As I emerge, ascend, and integrate, I find myself navigating the change-over from negative (the troll under the bridge) to positive.
Let me say a word about “being positive” at the get-go.
I’m aware of the objections to “being positive.” I was there myself. I postponed making a needed transition in my life for decades out of not wanting to “be positive.”
One is that “being positive” as a rule flies in the face of reality. We live in a world where negativity exists, where a large percent of the population lives below the poverty line, many homeless, many without access to clean drinking water, etc.
There’s nothing positive about these conditions to those who have to endure them.
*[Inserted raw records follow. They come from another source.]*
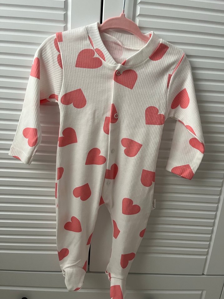 Düğmeli Kalp Desenli Bebek Tulumu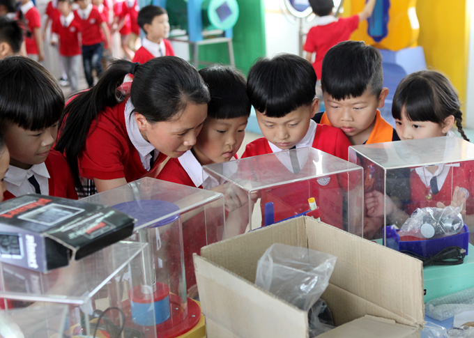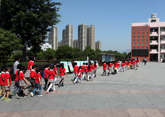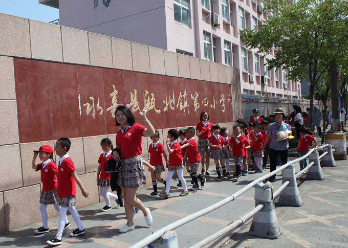 沐浴着灿烂的阳光,小朋友们兴奋地手拉手、排列着整齐的队伍来到了瓯北第四小学,刚进校门就被宽敞的操场、高大的教学楼吸引了,整个校园里安安静静,偶尔听到朗朗的读书声。在学校教导主人的引领下,小朋友们认真听取了小学生活的介绍,参观了多媒体教室、音乐室、图书室、微机室、实验室、教室等等,校园里的每个地方、每件事情对他们来说都是新鲜的。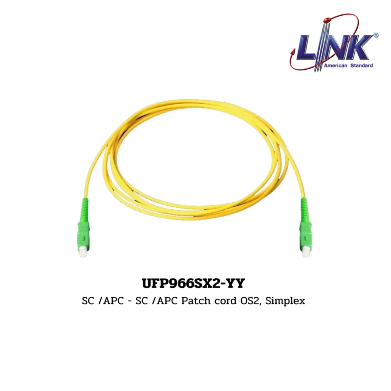 สินค้า SC /APC – SC /APC Patch cord OS2, Simplex รหัส UFP966SX2-YY จากแบรนด์ LINK คือ สาย Patch Cord ไฟเบอร์ออปติก (สายต่อสําหรับตู้ Rack) ใช้หัวต่อชนิด SC Simplex ทั้งสองด้าน โดยหัวต่อขัดปลายแบบ APC (Angled Physical Contact) ตัวสายเป็นชนิด Single-mode (SM) OS2 สำหรับการใช้งานระยะไกล รหัส -YY ในท้ายรหัสสินค้านี้จะถูกแทนที่ด้วยรหัสความยาวเมื่อมีการสั่งซื้อจริง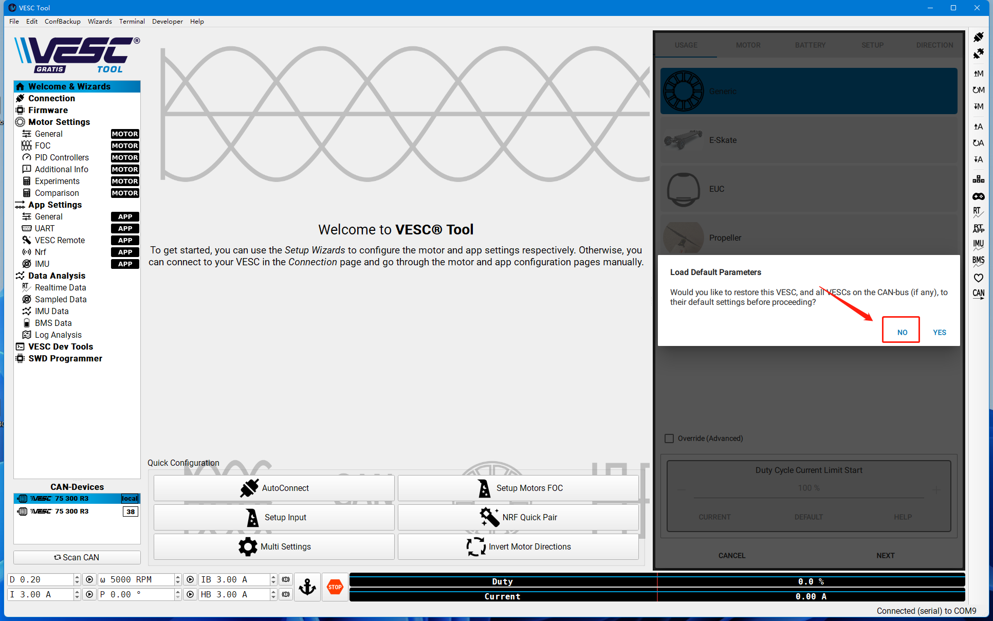 2.After , please do not choose restore the default parameters when using wizards to Configure the motor.
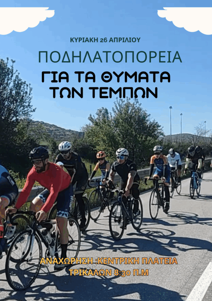 Η ποδηλατοπορεία θα είναι ελεύθερη για όλους, καλούμε τους ποδηλάτες απο ολη την Ελλάδα ώστε να τιμήσουμε τα θύματα του δυστυχήματος των Τεμπών !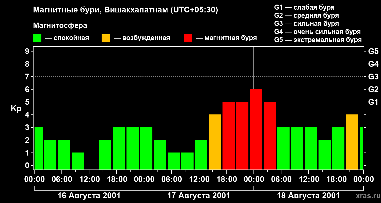 Магнитные бури в Вишакхапатнаме 18 августа 2001 года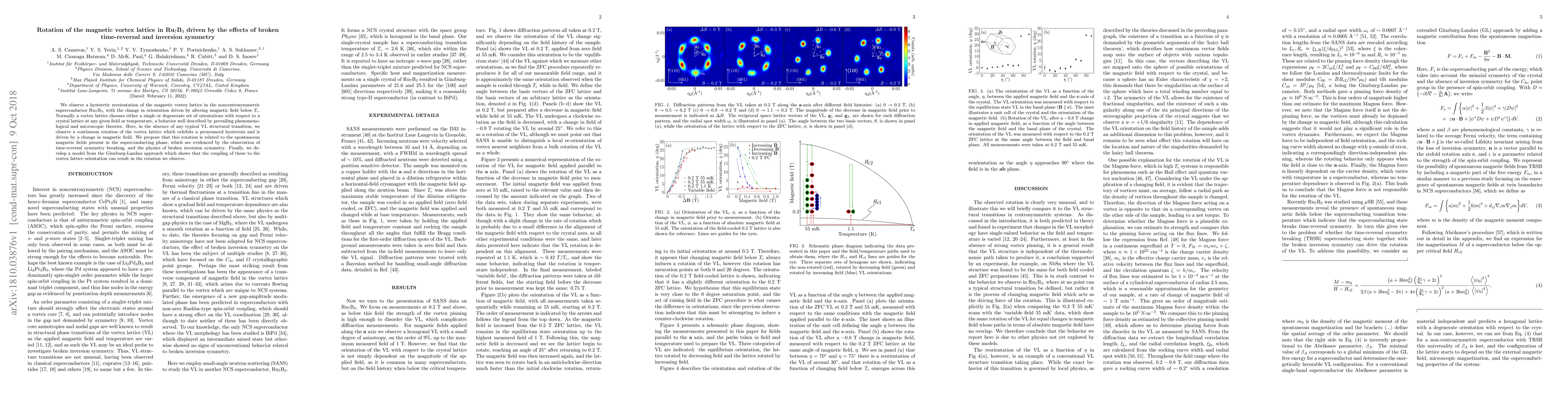We observe a hysteretic reorientation of the magnetic vortex lattice in the noncentrosymmetric superconductor Ru7B3, with the change in orientation driven by altering magnetic field below Tc. Normally a vortex lattice chooses either a single or degenerate set of orientations with respect to a crystal lattice at any given field or temperature, a behavior well described by prevailing phenomenological and microscopic theories. Here, in the absence of any typical VL structural transition, we observe a continuous rotation of the vortex lattice which exhibits a pronounced hysteresis and is driven by a change in magnetic field. We propose that this rotation is related to the spontaneous magnetic fields present in the superconducting phase, which are evidenced by the observation of time-reversal symmetry breaking, and the physics of broken inversion symmetry. Finally, we develop a model from the Ginzburg-Landau approach which shows that the coupling of these to the vortex lattice orientation can result in the rotation we observe.

And being positive in the face of it seems insensitive, self-focused.
Moreover, if we look more generally, I think we’ll see that, if we mandate any line of behavior, we run into trouble with the exceptions. If the exceptions are major, we talk about being abused, oppressed, and exploited.
Werner Erhard warned against taking a side like “the positive.” If we decide ahead of time how we’ll be, no matter how it is, we’ve “de-cided” the matter. We have, linguistically speaking, “killed the alternative.” Transformation usually does not show up in a closed space.
Another objection: In social discourse we talk about positive people as “Pollyannas,” folks who were always looking on the bright side of life, implying naive people or a degree of empty-headedness or compliance.
Now of course I get to see that the Pollyannas take the prize. I’m now aware that they were pioneers who were often unfairly disparaged, fuelled by a source I knew nothing of.